- WHAT YOU ARE ASKED TO DO -
Word for word, restate the listing; omit the pictures.

- INFORMATION SUPPLIED -
------------------------------------------------

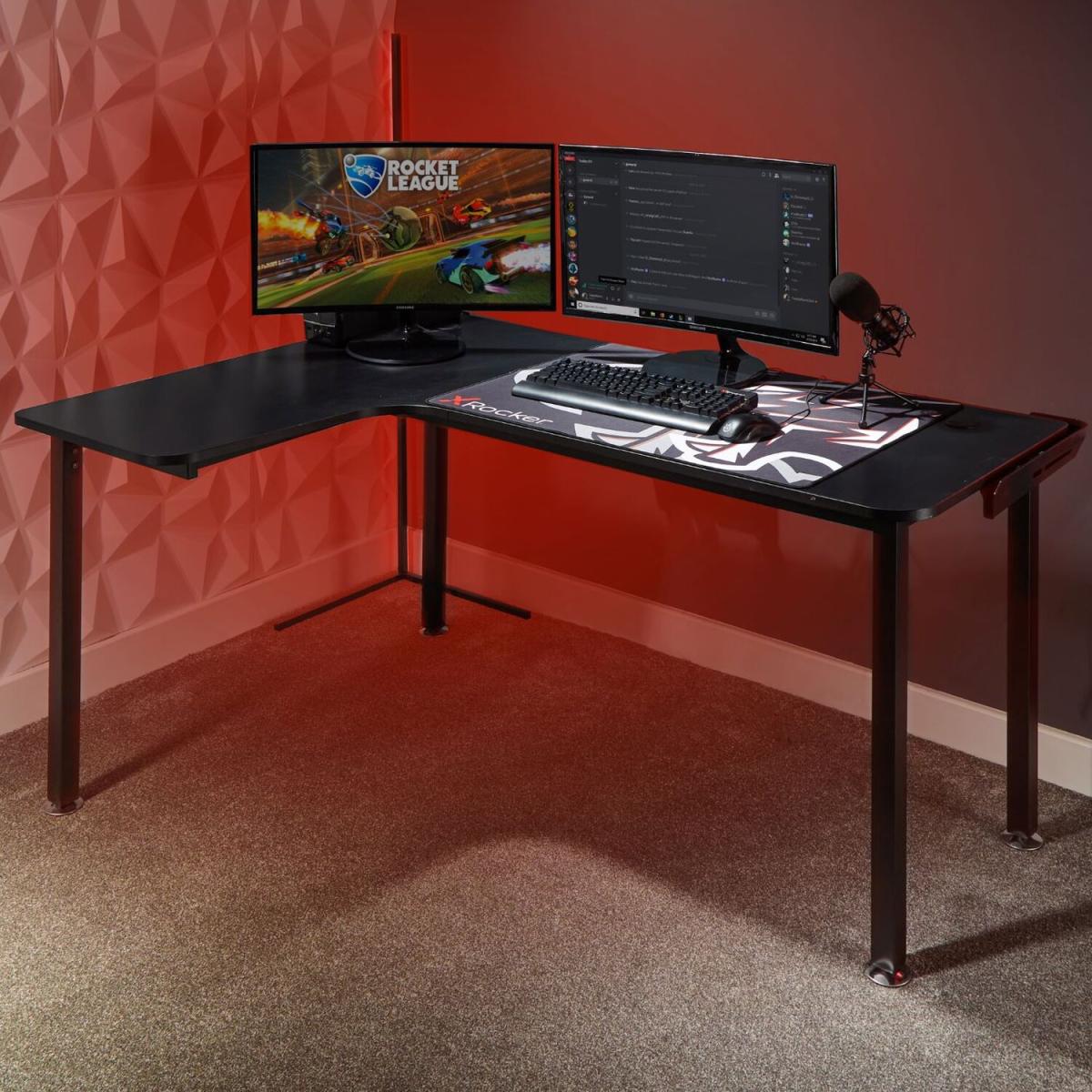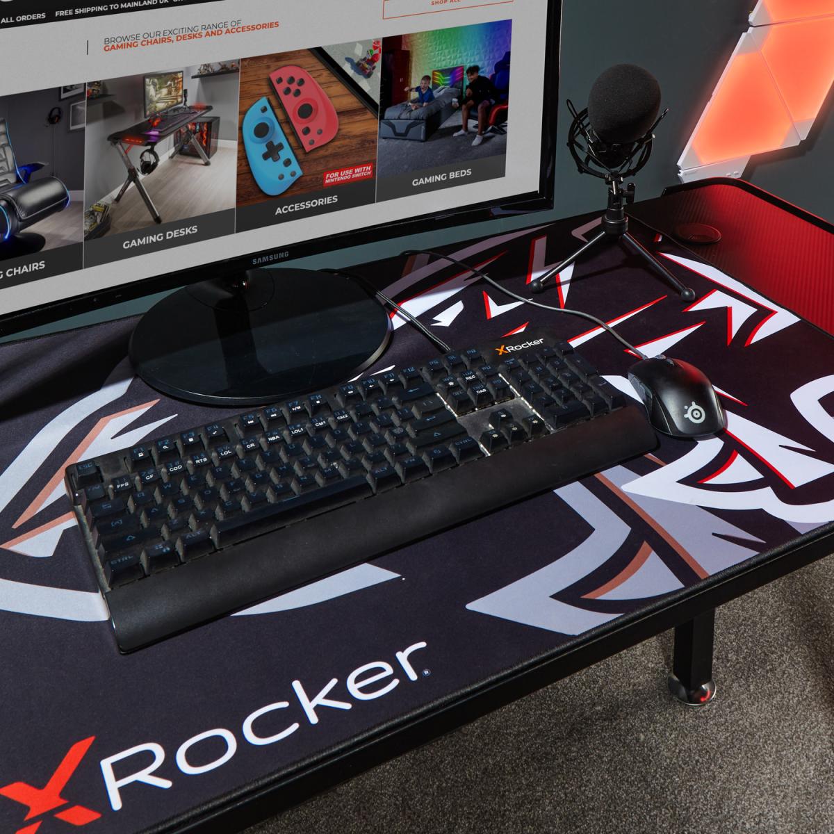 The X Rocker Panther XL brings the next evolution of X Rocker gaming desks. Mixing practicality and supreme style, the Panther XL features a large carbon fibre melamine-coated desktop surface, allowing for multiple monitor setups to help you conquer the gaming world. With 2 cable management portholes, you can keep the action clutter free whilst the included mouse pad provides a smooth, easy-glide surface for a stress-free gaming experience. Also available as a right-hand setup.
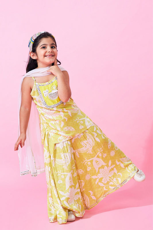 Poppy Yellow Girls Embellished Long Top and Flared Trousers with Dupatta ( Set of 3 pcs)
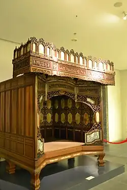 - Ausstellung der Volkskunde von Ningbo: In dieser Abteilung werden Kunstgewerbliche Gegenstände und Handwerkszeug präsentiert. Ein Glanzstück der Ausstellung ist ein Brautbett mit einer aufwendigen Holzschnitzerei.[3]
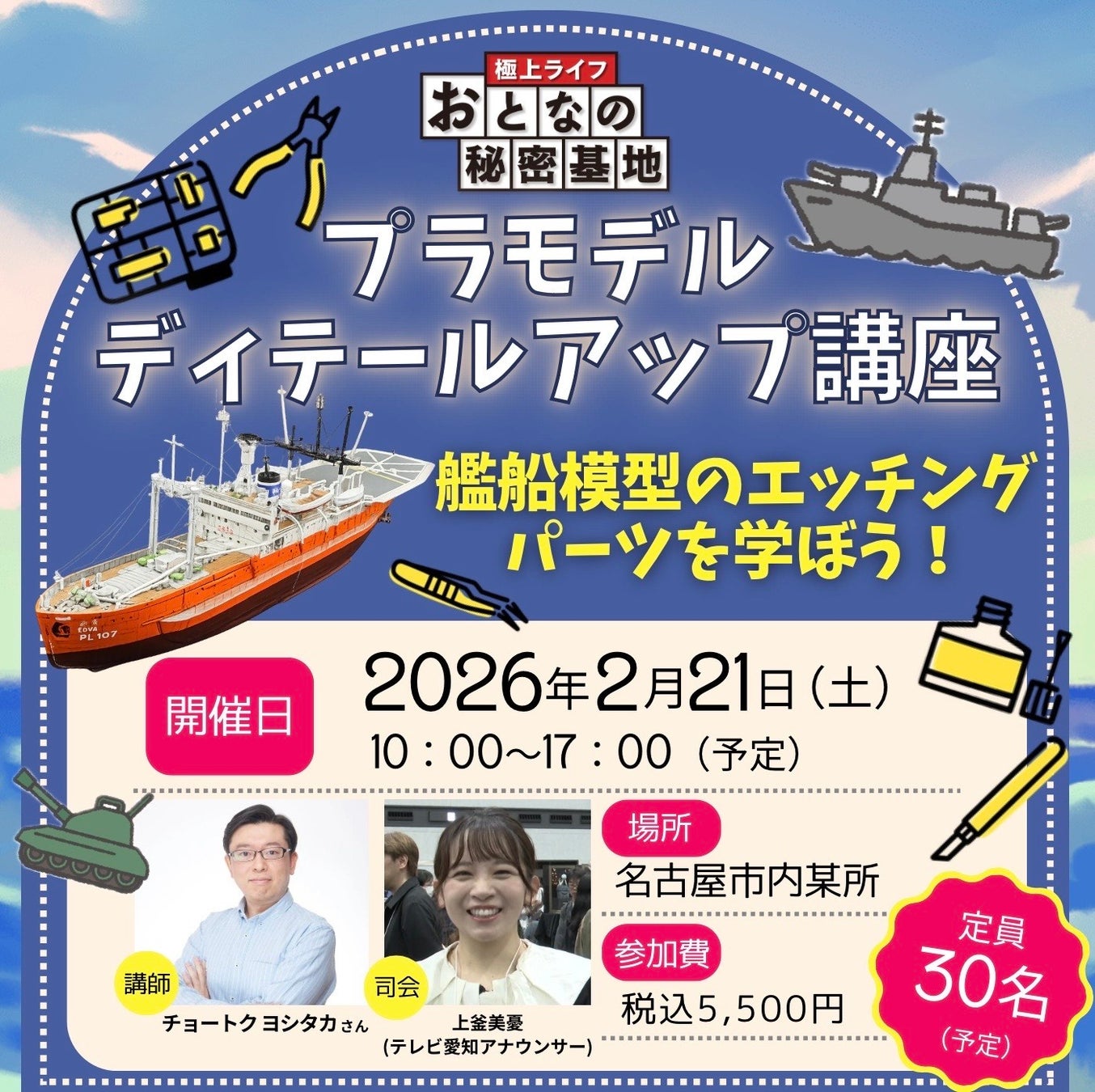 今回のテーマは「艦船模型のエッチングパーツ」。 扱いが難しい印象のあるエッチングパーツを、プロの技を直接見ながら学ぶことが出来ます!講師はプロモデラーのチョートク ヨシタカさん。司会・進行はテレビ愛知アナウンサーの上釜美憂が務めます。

------------------------------------------------

- SOLVED EXERCISE -
 The X Rocker Panther XL brings the next evolution of X Rocker gaming desks. Mixing practicality and supreme style, the Panther XL features a large carbon fibre melamine-coated desktop surface, allowing for multiple monitor setups to help you conquer the gaming world. With 2 cable management portholes, you can keep the action clutter free whilst the included mouse pad provides a smooth, easy-glide surface for a stress-free gaming experience. Also available as a right-hand setup.
 Poppy Yellow Girls Embellished Long Top and Flared Trousers with Dupatta ( Set of 3 pcs)
 - Ausstellung der Volkskunde von Ningbo: In dieser Abteilung werden Kunstgewerbliche Gegenstände und Handwerkszeug präsentiert. Ein Glanzstück der Ausstellung ist ein Brautbett mit einer aufwendigen Holzschnitzerei.[3]
 今回のテーマは「艦船模型のエッチングパーツ」。 扱いが難しい印象のあるエッチングパーツを、プロの技を直接見ながら学ぶことが出来ます!講師はプロモデラーのチョートク ヨシタカさん。司会・進行はテレビ愛知アナウンサーの上釜美憂が務めます。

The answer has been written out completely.